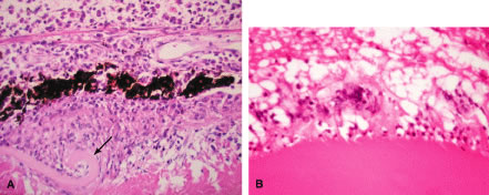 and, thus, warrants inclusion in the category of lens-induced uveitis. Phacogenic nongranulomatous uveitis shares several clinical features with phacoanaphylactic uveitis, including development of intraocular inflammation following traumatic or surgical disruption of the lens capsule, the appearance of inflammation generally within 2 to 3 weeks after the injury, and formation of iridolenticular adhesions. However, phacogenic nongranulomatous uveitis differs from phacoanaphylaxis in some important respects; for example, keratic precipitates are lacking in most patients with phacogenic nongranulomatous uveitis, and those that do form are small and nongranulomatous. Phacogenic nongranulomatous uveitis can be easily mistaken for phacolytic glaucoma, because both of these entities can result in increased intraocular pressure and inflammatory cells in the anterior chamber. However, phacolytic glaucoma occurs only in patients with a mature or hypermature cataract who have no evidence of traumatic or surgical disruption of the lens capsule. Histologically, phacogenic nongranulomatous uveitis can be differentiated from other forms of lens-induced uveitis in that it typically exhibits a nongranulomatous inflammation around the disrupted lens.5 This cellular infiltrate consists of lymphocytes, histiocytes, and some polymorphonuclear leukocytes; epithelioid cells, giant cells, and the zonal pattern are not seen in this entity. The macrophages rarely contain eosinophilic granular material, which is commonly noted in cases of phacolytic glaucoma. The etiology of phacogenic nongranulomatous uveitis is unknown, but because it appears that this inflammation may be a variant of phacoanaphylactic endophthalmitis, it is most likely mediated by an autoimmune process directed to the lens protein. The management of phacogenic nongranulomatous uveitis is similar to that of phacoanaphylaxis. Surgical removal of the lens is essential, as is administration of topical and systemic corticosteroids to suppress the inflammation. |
++++++++++++++++++++
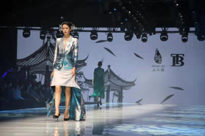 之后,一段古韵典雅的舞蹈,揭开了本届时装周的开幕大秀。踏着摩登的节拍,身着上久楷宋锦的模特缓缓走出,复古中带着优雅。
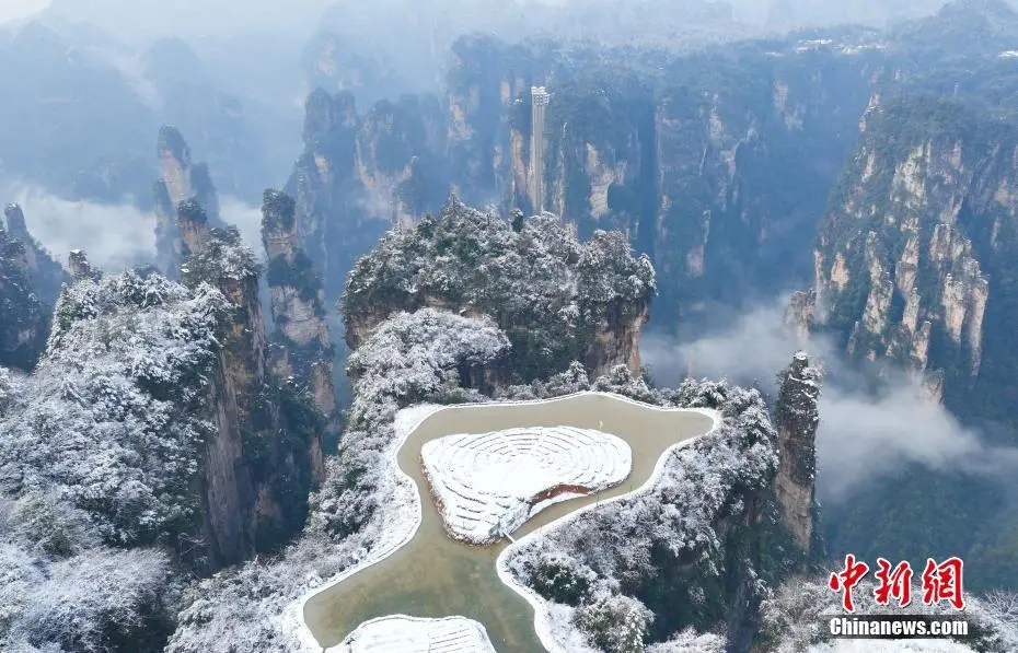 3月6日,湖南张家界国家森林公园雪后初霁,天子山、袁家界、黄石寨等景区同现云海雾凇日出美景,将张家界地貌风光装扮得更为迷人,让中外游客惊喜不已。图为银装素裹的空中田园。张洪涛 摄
++++++++++++++++++++
→ **What the exercise asks**: Work from the entries above. Set down exactly and only the lines from the line with "之后,一段古韵典雅的舞蹈,揭" to the line with "3月6日,湖南张家界国家森林", both included, and leave the pictures out.

→ **Written response**:
 之后,一段古韵典雅的舞蹈,揭开了本届时装周的开幕大秀。踏着摩登的节拍,身着上久楷宋锦的模特缓缓走出,复古中带着优雅。
 3月6日,湖南张家界国家森林公园雪后初霁,天子山、袁家界、黄石寨等景区同现云海雾凇日出美景,将张家界地貌风光装扮得更为迷人,让中外游客惊喜不已。图为银装素裹的空中田园。张洪涛 摄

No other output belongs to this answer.